Segment Start: DATA SECTION

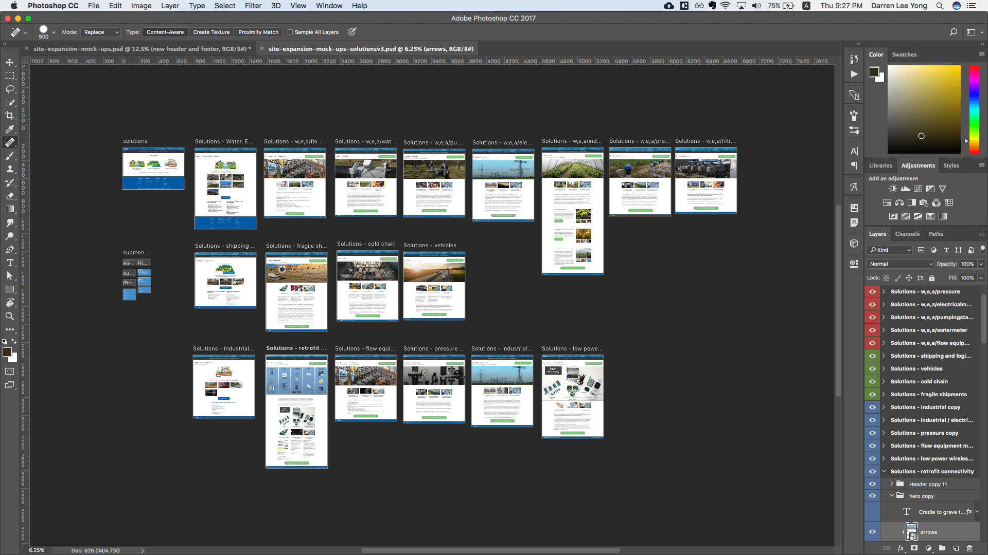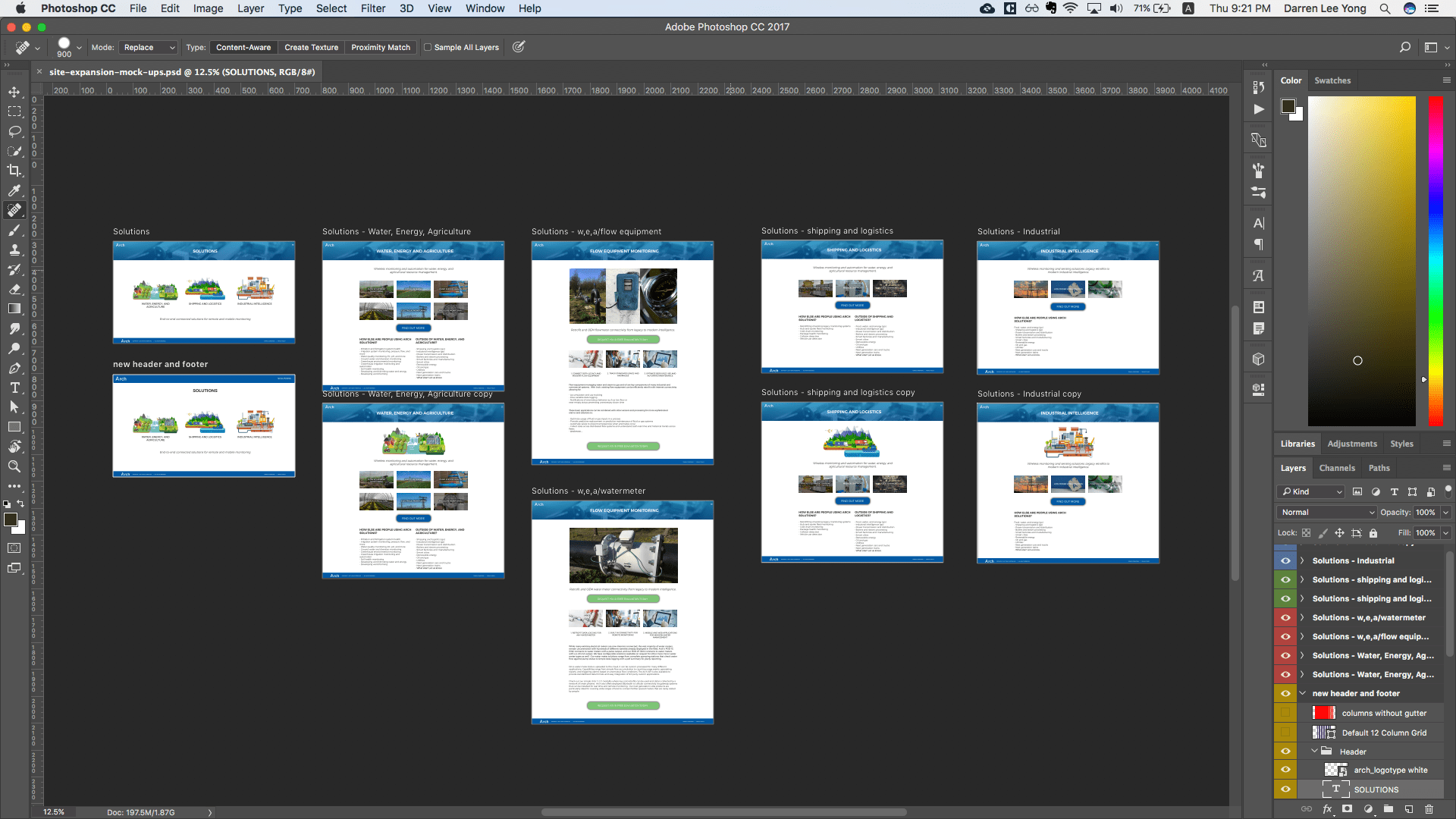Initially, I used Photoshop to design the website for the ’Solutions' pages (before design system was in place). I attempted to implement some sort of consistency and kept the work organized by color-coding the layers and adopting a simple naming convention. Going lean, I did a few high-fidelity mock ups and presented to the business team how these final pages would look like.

Segment End: DATA SECTION
Segment Start: DATA SECTION

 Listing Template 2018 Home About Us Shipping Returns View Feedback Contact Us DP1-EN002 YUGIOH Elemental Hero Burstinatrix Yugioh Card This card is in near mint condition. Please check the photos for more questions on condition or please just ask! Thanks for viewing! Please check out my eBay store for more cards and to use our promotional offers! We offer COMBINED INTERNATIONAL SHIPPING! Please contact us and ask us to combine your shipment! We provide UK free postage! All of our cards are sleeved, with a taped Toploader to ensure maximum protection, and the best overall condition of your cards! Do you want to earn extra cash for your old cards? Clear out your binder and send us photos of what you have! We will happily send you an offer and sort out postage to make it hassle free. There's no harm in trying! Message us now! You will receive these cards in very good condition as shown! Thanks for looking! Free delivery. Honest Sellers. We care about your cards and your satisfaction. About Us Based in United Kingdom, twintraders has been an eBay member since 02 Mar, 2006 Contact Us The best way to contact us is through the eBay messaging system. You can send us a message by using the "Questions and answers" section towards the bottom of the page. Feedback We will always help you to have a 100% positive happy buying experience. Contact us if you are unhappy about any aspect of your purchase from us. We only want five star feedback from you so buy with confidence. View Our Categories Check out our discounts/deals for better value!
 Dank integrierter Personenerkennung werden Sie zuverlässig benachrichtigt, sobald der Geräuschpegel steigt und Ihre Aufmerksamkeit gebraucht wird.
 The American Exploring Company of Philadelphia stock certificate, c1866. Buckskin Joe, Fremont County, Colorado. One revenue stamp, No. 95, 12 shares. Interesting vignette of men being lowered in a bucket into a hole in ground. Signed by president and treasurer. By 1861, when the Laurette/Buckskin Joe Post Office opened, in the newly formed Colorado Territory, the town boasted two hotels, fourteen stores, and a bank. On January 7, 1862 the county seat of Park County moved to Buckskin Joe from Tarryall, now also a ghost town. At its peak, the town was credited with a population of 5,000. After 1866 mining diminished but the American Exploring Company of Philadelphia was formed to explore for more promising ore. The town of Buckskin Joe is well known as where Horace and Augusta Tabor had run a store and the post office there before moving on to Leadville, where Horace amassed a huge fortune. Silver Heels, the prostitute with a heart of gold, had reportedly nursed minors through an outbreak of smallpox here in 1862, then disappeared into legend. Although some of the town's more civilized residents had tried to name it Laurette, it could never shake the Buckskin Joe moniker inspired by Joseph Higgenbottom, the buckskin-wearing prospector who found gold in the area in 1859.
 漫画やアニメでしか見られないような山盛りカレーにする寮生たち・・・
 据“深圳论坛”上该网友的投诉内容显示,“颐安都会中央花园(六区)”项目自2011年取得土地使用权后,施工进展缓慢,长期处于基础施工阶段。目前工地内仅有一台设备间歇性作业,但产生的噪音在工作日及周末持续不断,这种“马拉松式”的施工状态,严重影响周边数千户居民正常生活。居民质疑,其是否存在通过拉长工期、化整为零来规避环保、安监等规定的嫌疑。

Segment End: DATA SECTION

Repeat word for word the lines above that run from the line containing "Listing Template 2018" through the line containing "Dank integrierter Personenerkennung", both ends included, and nothing else.

> SOLUTION TO THIS TASK:
 Listing Template 2018 Home About Us Shipping Returns View Feedback Contact Us DP1-EN002 YUGIOH Elemental Hero Burstinatrix Yugioh Card This card is in near mint condition. Please check the photos for more questions on condition or please just ask! Thanks for viewing! Please check out my eBay store for more cards and to use our promotional offers! We offer COMBINED INTERNATIONAL SHIPPING! Please contact us and ask us to combine your shipment! We provide UK free postage! All of our cards are sleeved, with a taped Toploader to ensure maximum protection, and the best overall condition of your cards! Do you want to earn extra cash for your old cards? Clear out your binder and send us photos of what you have! We will happily send you an offer and sort out postage to make it hassle free. There's no harm in trying! Message us now! You will receive these cards in very good condition as shown! Thanks for looking! Free delivery. Honest Sellers. We care about your cards and your satisfaction. About Us Based in United Kingdom, twintraders has been an eBay member since 02 Mar, 2006 Contact Us The best way to contact us is through the eBay messaging system. You can send us a message by using the "Questions and answers" section towards the bottom of the page. Feedback We will always help you to have a 100% positive happy buying experience. Contact us if you are unhappy about any aspect of your purchase from us. We only want five star feedback from you so buy with confidence. View Our Categories Check out our discounts/deals for better value!
 Dank integrierter Personenerkennung werden Sie zuverlässig benachrichtigt, sobald der Geräuschpegel steigt und Ihre Aufmerksamkeit gebraucht wird.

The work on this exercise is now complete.